Conditions for losing membership

Having considered the qualifications and classifications for eligible membership of AMCU, the Labour Court turned to the question of which circumstances could result in members losing their membership. A member would lose their membership 14 weeks after becoming unemployed in the relevant sectors recognised within AMCU's constitution. However, membership would continue in circumstances where the dismissed member was eligible for honorary membership, and was re-employed in the relevant sectors, or if AMCU was in the process of disputing the member's dismissal.

It was common cause that the president of AMCU was retrenched in the course of 2013 and did not dispute the termination of his employment. As such, he was not an employee at the time that he was re-elected as president, instead he served AMCU on a full-time basis. AMCU's president ceased to be a sector member of AMCU 14 weeks after his employment had been terminated in 2013. It was argued that it was AMCU's policy to allow an office bearer to complete their term of office even if dismissed by their employer and ceased to be an employee in one of the relevant sectors, and if they were to continue in that position, such member would also qualify for re-election to that position as well.

The Labour Court remarked that it would recognise AMCU's policies only to the extent that the alleged policy was not contrary to what was set out in its constitution. This notwithstanding, the court was not presented with evidence to demonstrate that such a policy existed. On the contrary, the facts demonstrated that AMCU had adhered to the dictates of its constitution in previous similar circumstances by striping an office bearer of his status following the termination of his employment where the dismissal had not been challenged. There was official correspondence in that instance which indicated that a member in good standing was defined as a member who was not only up to date with their subscriptions, but who was also an employee.

The Labour Court could not find any clause in the constitution that permitted an official to be eligible for re-election even after being dismissed by the employer where the dismissal had not been challenged.
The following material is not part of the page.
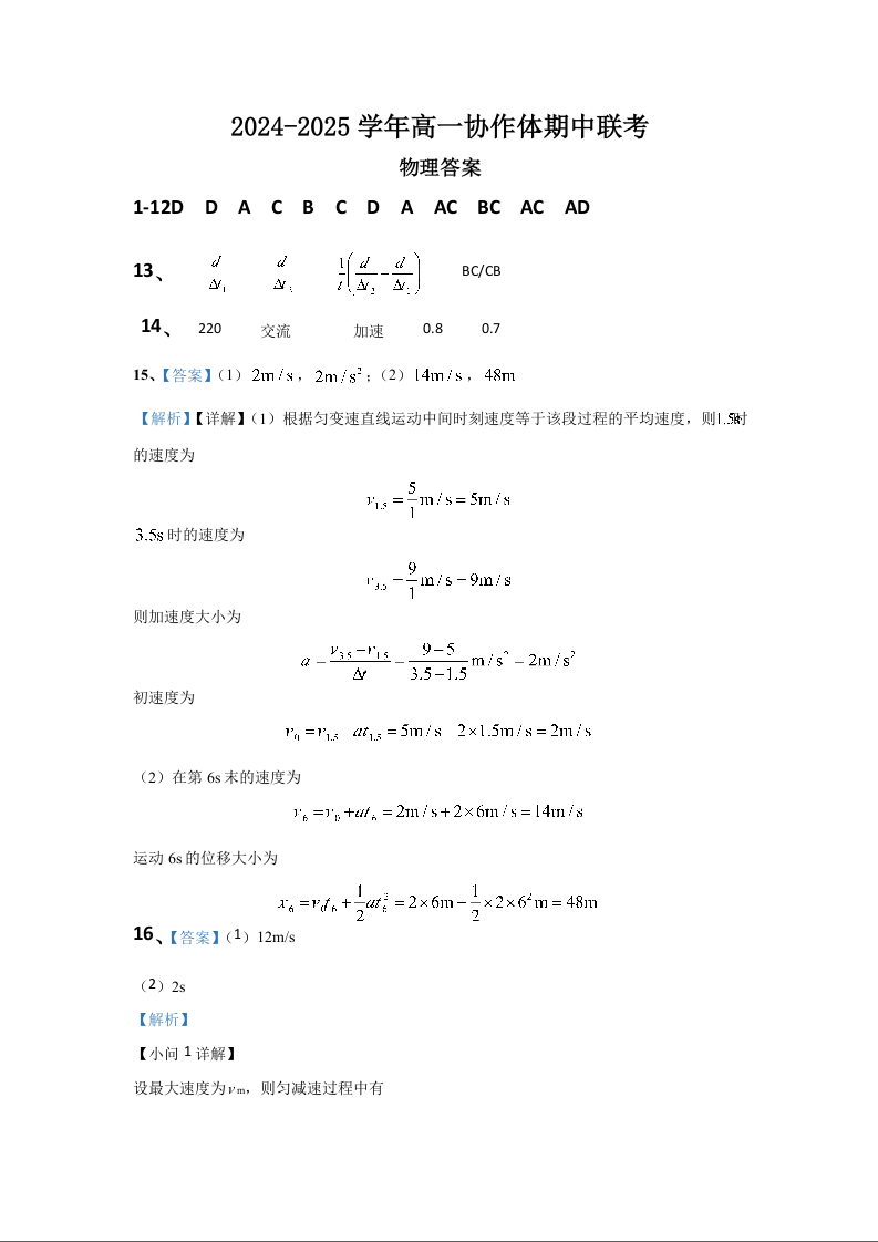 四川省眉山市仁寿县协作体2024-2025学年高一上学期11月期中联考物理答案

Based on the above, the Labour Court concluded that the re-election of Mathunjwa in September 2019 was unlawful and had to be set aside.

Weighing the retrospective effect

The Labour Court's final task lay in determining whether such a finding may be given retrospective effect as sought by the applicant. This enquiry required the court to balance the interests of justice, the interests of the individual, and the weight of administrative justice in that the undoing of countless transactions and decisions would have a devastating and unintended negative impact on the continued business and operation of such organisation. Ultimately, because the applicant's dispute only arose following his own removal from office and not when AMCU's president was re-elected, the court found that the interests of justice would be best served through a prospective order.

The matter remains unsettled however, as AMCU's leadership has lodged an application for leave to appeal the decision, thereby suspending the effect of the order that was granted.